■ **Available data**
━━━━━━━━━━

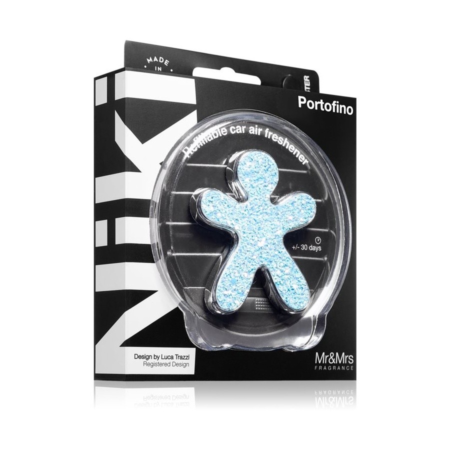 Vůně do auta Niki Fashion je designovou luxusní autovůní, která je nástupcem tolik oblíbených panáčků Niki. Balení obsahuje i iniciální náplň, kterou je možné kdykoliv po vyvonění vyměnit za novou náplň ve stejné či jiné vůni. Provoňte vaše auto se svěží ovocnou vůní Portofino. Vůně Portofino je jedinečným koktejlem šťavnatého ovoce a květinových tónů, které vás zavedou na spanilou cestu kolem světa. Za pomoci univerzálního funkčního klipu připevníte vůni (vertikálně nebo horizontálně) na větrací otvory (vývod klimatizace) každého auta. Vůně do auta pak za pomoci proudícího vzduchu rozvádí stálou a dlouhotrvající vůni. Můžete použít EVA náplň napuštěnou aroma olejem dle výběru, kterou můžete snadno nahradit novou náplní. Balení včetně iniciální náplně, kterou je možné kdykoliv vyměnit za jednu z 15 jiných alternativ.Vůně do ventilace Mr&Mrs Fragrance z řady Niki Fashion
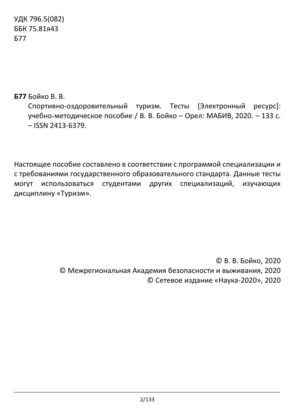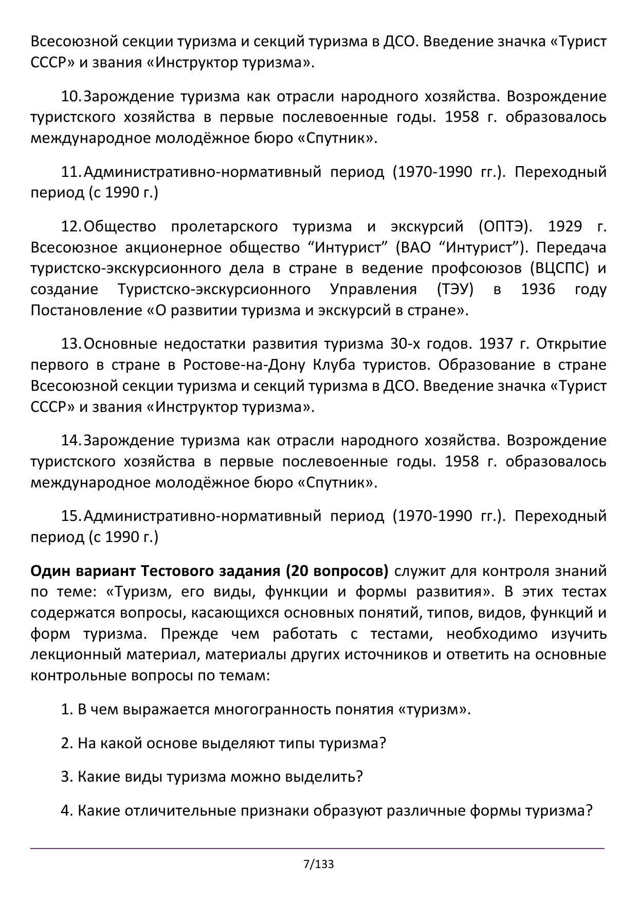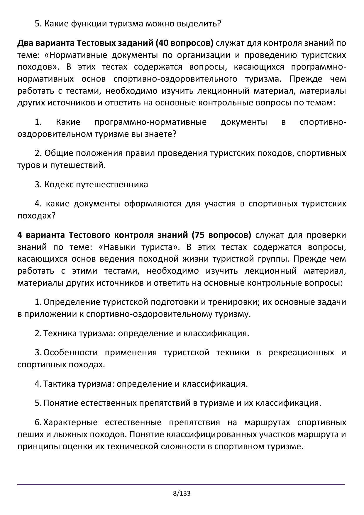 Настоящее пособие составлено в соответствии с программой специализации и с требованиями государственного образовательного стандарта. Данные тесты могут использоваться студентами других специализаций, изучающих дисциплину «Туризм».
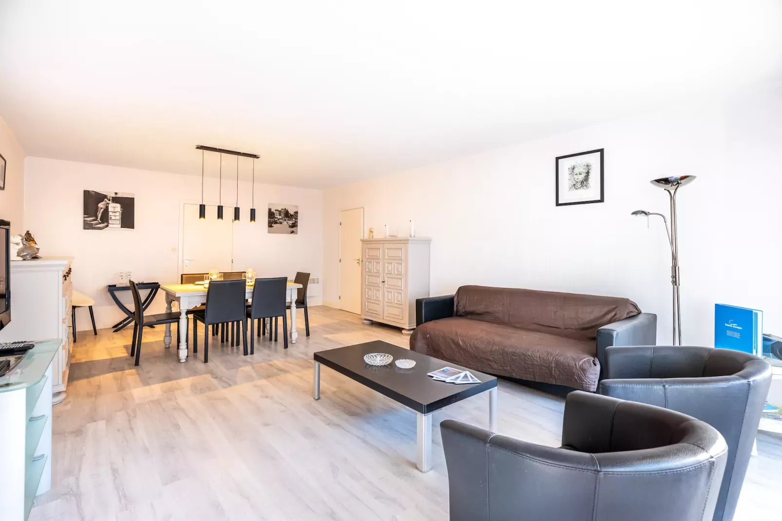 This cozy 1-room apartment on the first floor (elevator), with side sea view, is located a stone's throw from the beach. Within walking distance of shops and restaurants. The apartment has a spacious living room, separate kitchen. Well maintained and neatly furnished in a mixed style. Pets allowed.
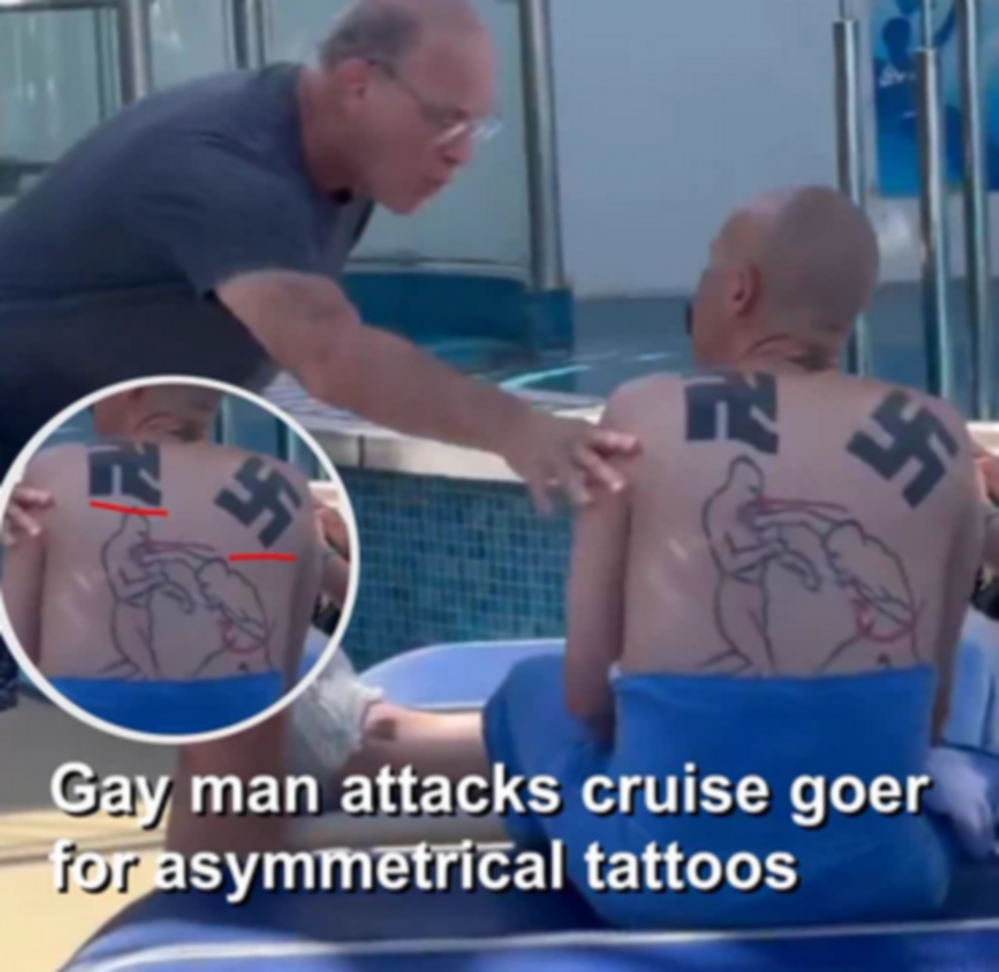 What kind of evil bastard not only gets hate symbols tattooed on his body but goes out of his way to flaunt them in front of the public? This man is brave for making a stand.

━━━━━━━━━━

Beginning at the line containing "This cozy 1-room", restate every line through the end of the material above exactly; omit the pictures.

■ **Response area**
 This cozy 1-room apartment on the first floor (elevator), with side sea view, is located a stone's throw from the beach. Within walking distance of shops and restaurants. The apartment has a spacious living room, separate kitchen. Well maintained and neatly furnished in a mixed style. Pets allowed.
 What kind of evil bastard not only gets hate symbols tattooed on his body but goes out of his way to flaunt them in front of the public? This man is brave for making a stand.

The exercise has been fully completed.